Мсье Чонга качнулся назад, одно мгновение изумленно смотрел на Гая, потом вдруг сообразил что-то и захохотал.
— Вы ложно информированы: мои единокровные братья не работают на шоссе! Я бы, конечно, не допустил этого! Кто-то оклеветал меня, поверьте! — Нет, вы не поняли, мсье Чонга: я хотел сказать, что негры — ваши собратья и вы знаете условия их работы и не только молчите, но и сами помогаете поддерживать этот дьявольский режим!
Опять мсье Чонга откинулся назад и уставился на Гая в крайнем удивлении. Он ответил не сразу.
— Я христианин, мсье, и не поддерживаю дьявола. Мсье Эверарт, власти в Стэнливиле и даже сам губернатор — все христиане. Я могу ошибаться, мсье, я недавно крещен, но ведь тысячи бельгийцев рождены от христиан и крещены после рождения. Почему же вы сразу обратились не к ним, а ко мне? — Оставим в покое христианство. Я говорю о культуре, понимаете ли, мсье Чонга, о культуре, которая всегда и обязательно связана с гуманностью! — Но ведь любой бельгиец, любой белый человек культурнее меня и всегда мне скажет это прямо в лицо. Я не знаю, что такое гуманность, извините, но до прихода в Конго европейцев здесь не было таких способов работы. Это ваша культура и ваша гуманность, мсье, и я тут не причем!
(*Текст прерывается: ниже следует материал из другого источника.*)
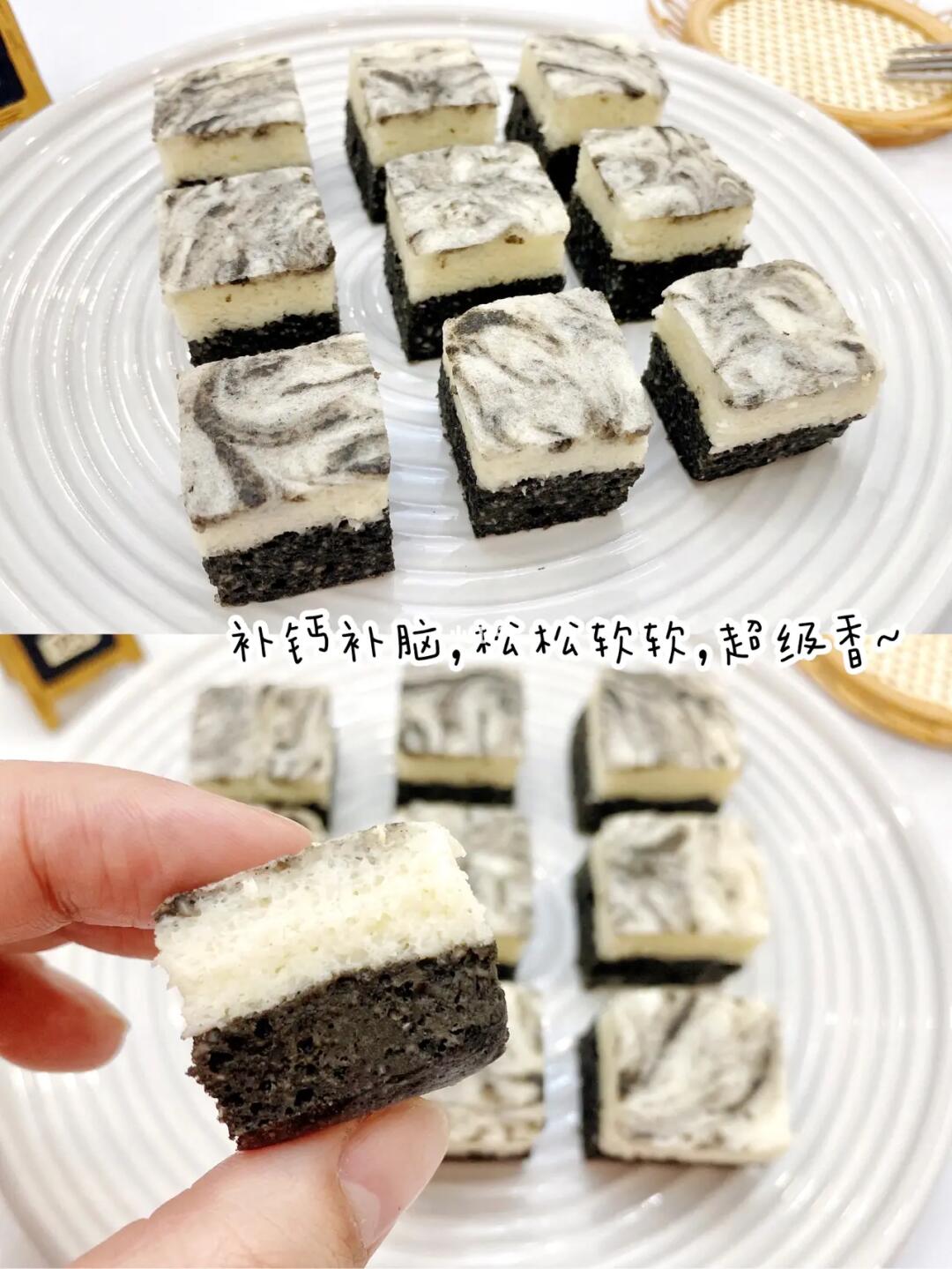 今天分享的黑芝麻山药蒸糕🖤🤍
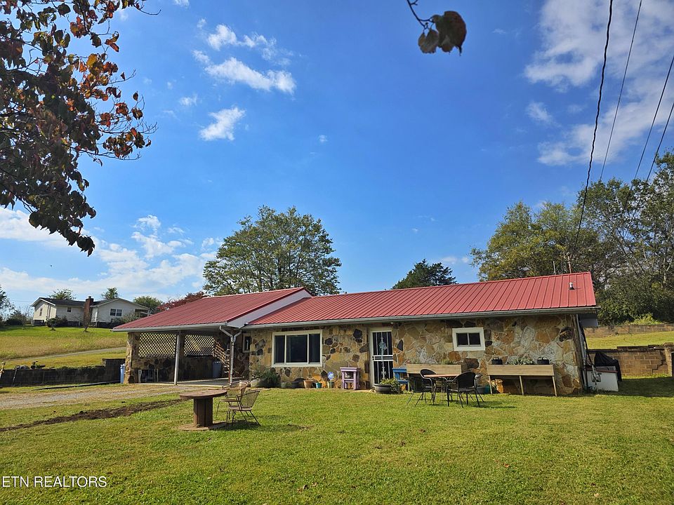 Welcome to 539 Offutt Road in Clinton, TN - a well-kept stone home on just over half an acre with peaceful country views all around. This comfortable 2-bed, 1-bath home offers easy one-level living with a spacious living room, eat-in kitchen, and plenty of natural light. The kitchen features a brand-new dishwasher, and the refrigerator stays! Recent upgrades include high-efficiency insulated vinyl windows for added comfort and energy savings. Outside, you'll find a covered two-car carport plus a detached two-car garage which is perfect for storage, hobbies, or a workshop. The metal roof, low-maintenance exterior, and quiet setting make this property ideal for anyone looking for simple living with space to breathe, all just minutes from Clinton, Oak Ridge, and Knoxville.
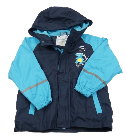 Tmavomodro-modrá nepromokavá jarná bunda s dinosaurom a kapucňou Kiki&Koko
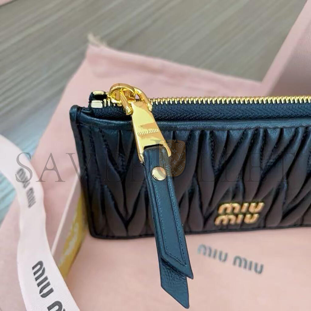 MIU MIU MATELASSÉ ZIPPERED SOLID COLOR LOGO LEATHER WALLET 5MB006 (15*8cm)
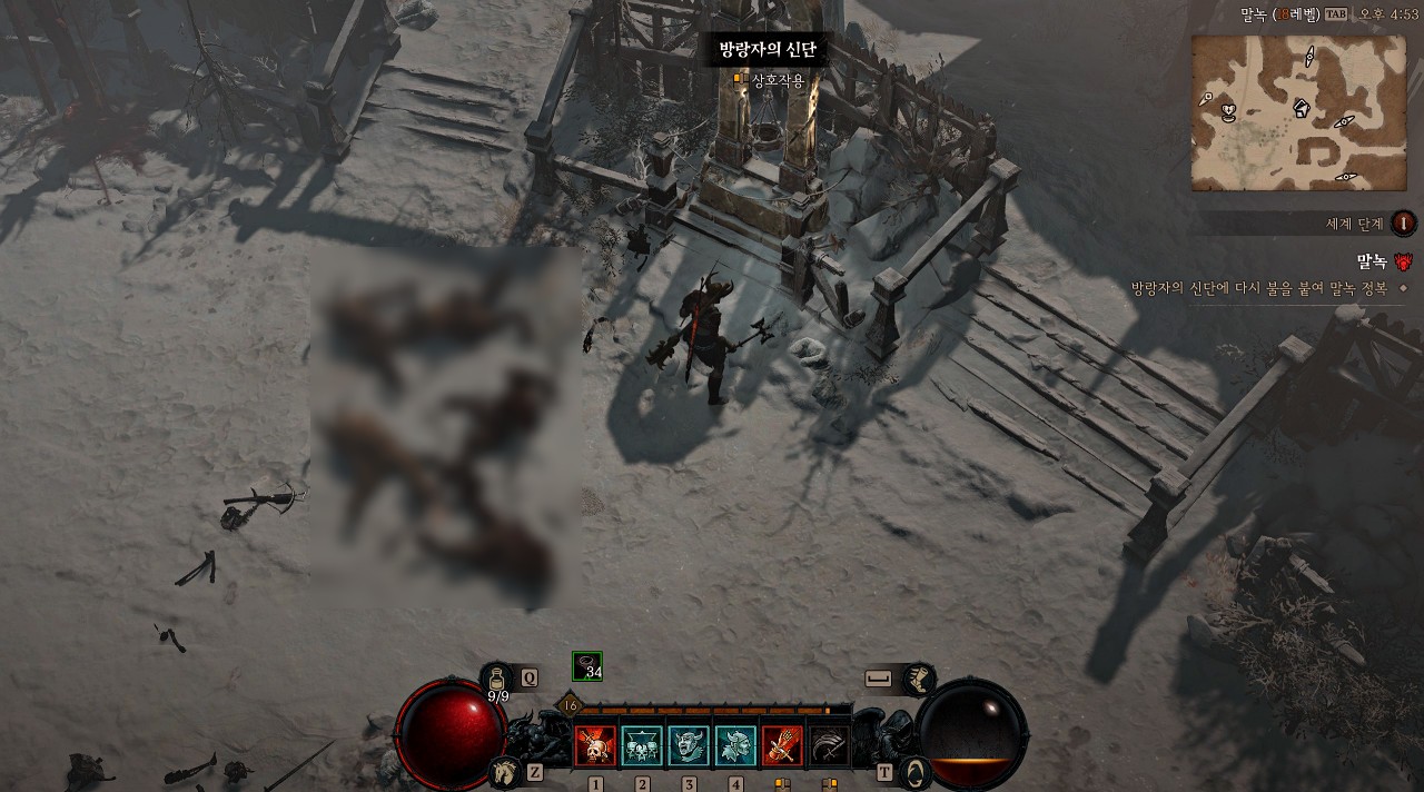 서리뿔을 처리했으면 방랑자의 신단에 불을 붙여 말녹을 정복하도록 합시다. 방랑자의 신단은 미니맵에 흰색 마름모 모양으로 표시가 됩니다.

Гай едва сдержался от резких слов.
— Вы все-таки не понимаете меня, мсье Чонга.
— Извините, мсье ван Эгмонд.
— Вдумайтесь в мои слова: вы — конгомани, и эти ваши рабочие — тоже конгомани. Вы сидите в чистеньком костюме и пьете виски, а они катают лес по шоссе. Ну, что же здесь непонятного?
— Это я все хорошо понял, мсье. — И это вас не возмущает?
Мсье Чонга выпучил глаза и долго молчал, рассматривая Гая.
— Вы очень образованный человек, мсье ван Эгмонд, — медленно начал он, — и я вас очень уважаю. Я окончил только курсы при районном агрономе. Простите меня, многое до меня просто не доходит. Например, почему вас не возмущает, что вы сидите здесь в чистом белом костюме, а ваши братья единокровники (я говорю о всех белых, мсье!) сейчас обливаются потом в тяжелом и вредном труде?
— Где?
— В судовых кочегарках, мсье. На химических заводах, мсье.
— Где это? Что вы выдумываете?
— В Роттердаме, мсье.
Гай выпучил глаза, точь-в-точь как мсье Чонга.
— Вы были в Роттердаме?!
— Дважды.
Гай с удивлением посмотрел на мсье Чонга. Милые картины далекой родины поплыли перед его глазами.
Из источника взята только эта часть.